Carponti didn’t really think about what happened next. He blinked and the next thing he knew, s
trong hands were dragging him off the LT. Iaconelli’s big hand shoved him backward. “Cut the shit, Carponti,” Iaconelli growled.
But Carponti wasn’t done. He squared off with the lieutenant, ignoring Iaconelli’s attempt to pull him off. “Don’t fucking talk to me like that, you scumbag motherfucker.”
“Goddamn it, Carponti!”
They were nose to nose. Randall’s face was swollen, just like his fucking ego, but there was triumph in his eyes. “You just crossed the line. I’m going to have your rank for this, Carponti,” Randall sneered.
“Good luck with that,” Carponti spat.
“That’s not how this works, Sergeant.” Randall spat the word. “You will respect my rank.”
Carponti shoved Randall a step backward. “That’s exactly how it’s going to work. Stop harassing my guys because of your incompetence, lieutenant. You lost the fucking equipment, you find it. But leave my goddamned men alone.”
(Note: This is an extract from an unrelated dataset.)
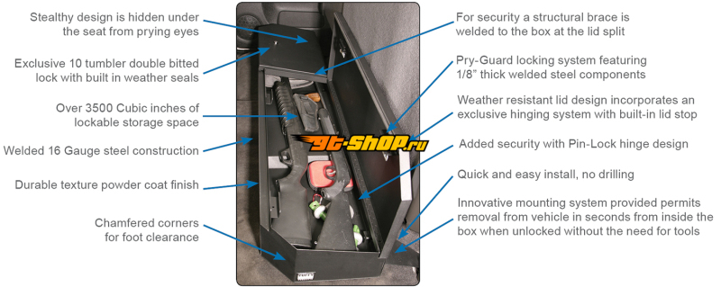 ОписаниеTuffy Chevrolet Silverado & Gmc Sierra Underseat Lockbox Full Length W/ Keyed Lock For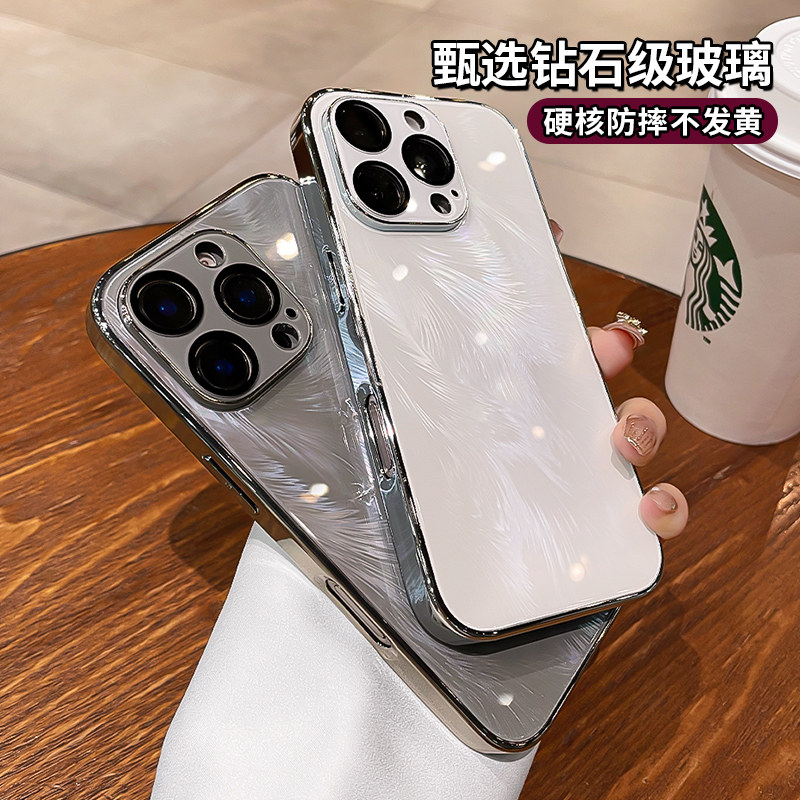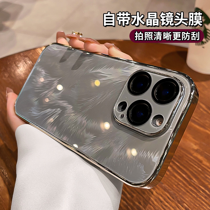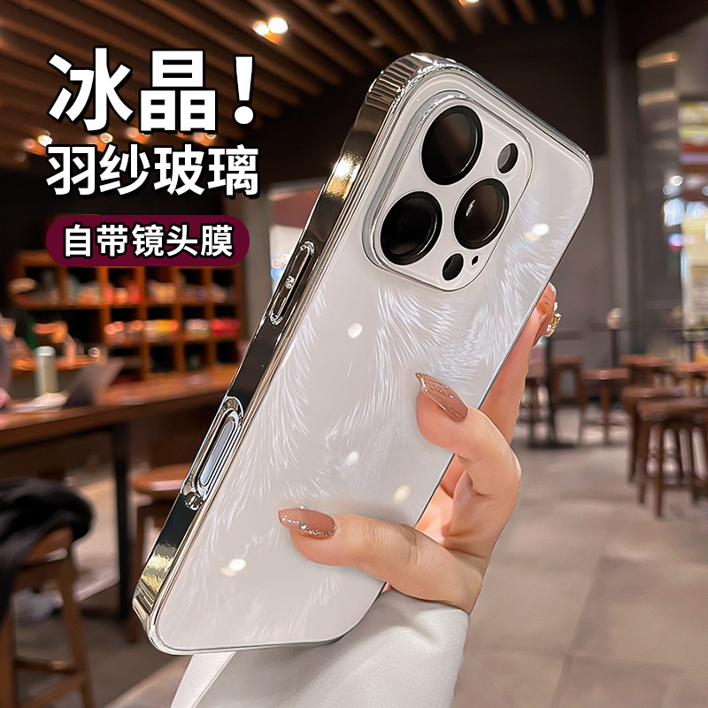 夏天冰晶适用iphone17手机壳苹果15promax新款羽纱玻璃14pro独特好看16pm镜头全包轻奢高级感小众por防摔套女

The veins in Randall’s neck stood out against his skin. Carponti was reasonably certain the man was going to have a coronary.
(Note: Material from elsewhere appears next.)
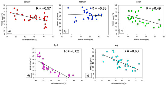 The linear regression analysis between PM2.5 and meteorological variables is also shown in Figure 5, Figure 6 and Figure 7. Figure 5 demonstrates a mainly negative relationship between wind speed and PM2.5 from January to May. These results are similar to previous studies, such as those by Wang and Ogawa [35], Ren et al. [36], and Sirithian et al. [37]. In general, the relative humidity and temperature were strongly correlated with the PM2.5 concentration; in contrast, the wind speed was slightly correlated with the PM2.5 concentration in northern Thailand. In cases where the wind speed is modest, pollutants could be blown away within a particular geographical area, but if the wind speed is strong, the huge amounts of pollutants could be transported from a long distance away. Between January and May, Figure 6 depicts the positive connection between temperature and PM2.5. This result is similar to findings observed by Zhang et al. [38] and Han et al. [39]. Except for January, when a high negative correlation is observed, PM2.5 shows a mostly strong positive relationship with temperature during the rest of the months. This is due to the fact that temperature influences particle formation; hence, a high temperature increases the photochemical reaction between precursors, whilst a low temperature might delay the process and contribute to PM2.5. The linear correlation between PM2.5 concentration and relative humidity is depicted in Figure 7. During most months, PM2.5 has a strong inverse relationship with relative humidity, similar to findings by Liu et al. [40]. Positive correlations were found in February, although the correlation coefficient is relatively low. When the humidity exceeds 70% in April and May, PM2.5 concentration shows a strong negative correlation with relative humidity. The Pearson correlation coefficient also highlights the relationships between PM2.5 and meteorological variables. There is a strong negative correlation between PM2.5 and relative humidity ranging between −0.88 and −0.49 and a weak correlation between PM2.5 and wind speed ranging between −0.096 and 0.087, as well as a positive correlation related to temperature ranging between 0.56 and 0.70. According to the findings, an increase in surface temperature and a reduction in relative humidity during the summer season had a significant impact on PM2.5 concentrations in northern Thailand.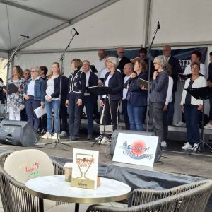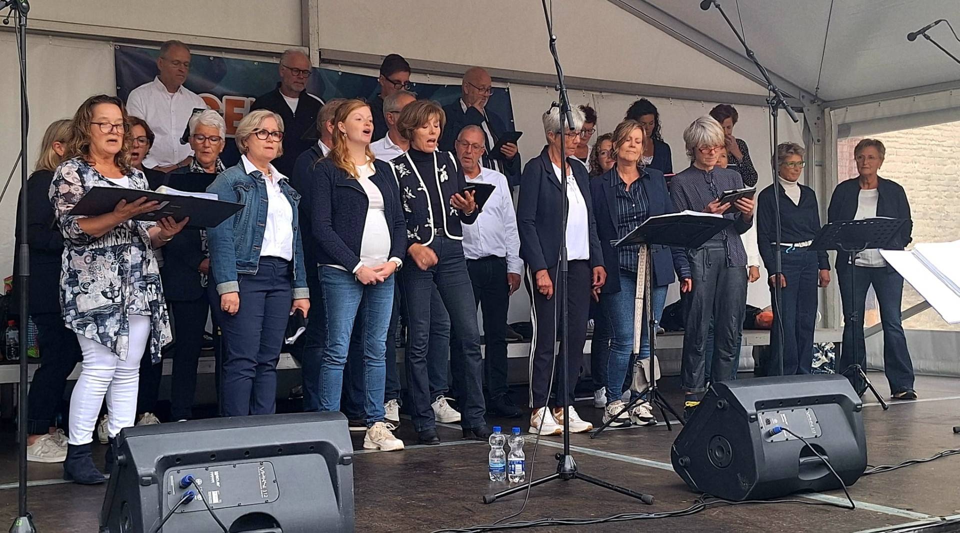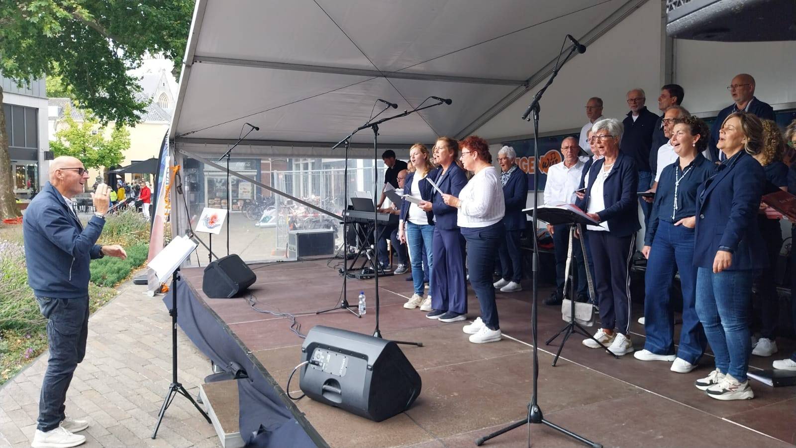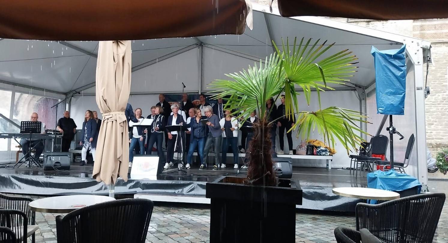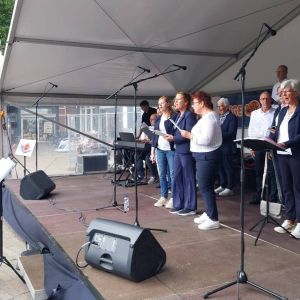 Op zaterdag 13 september 2025 hebben we deelgenomen aan het Korenfestival ‘EigenWijs’ in Bergen op Zoom. Op 11 locaties traden 40 koren op. Het festival vond plaats tijdens de Open Monumentendag 2025. De dag begon prima, met een zonnetje en een briesje hadden we ons eerste optreden op het Gouvernementsplein. Mooie plek met een goed gevuld plein en naastgelegen terras.

It would have been one memorial ceremony he’d have been happy to attend.
Iaconelli finally moved his hand off Carponti’s chest and stepped into the fray, shoving Carponti back and stepping between them. “LT, what’s missing?” he asked.
Carponti frowned as one of the guys came up to watch the fireworks. It was Neal Sloban, a guy who’d been with Carponti since the middle of the last rotation.
“Since when did Iaconelli become a voice of reason?” Sloban muttered.
Carponti shrugged. “I have no idea. Maybe his horoscope told him to play nice today.”
Sloban shook his head and walked off as Carponti continued to watch the de-escalation between the two, like Iaconelli was some kind of lieutenant whisperer. Randall finished gesticulating wildly and stomped off. Iaconelli hesitated a moment before he walked back toward Carponti.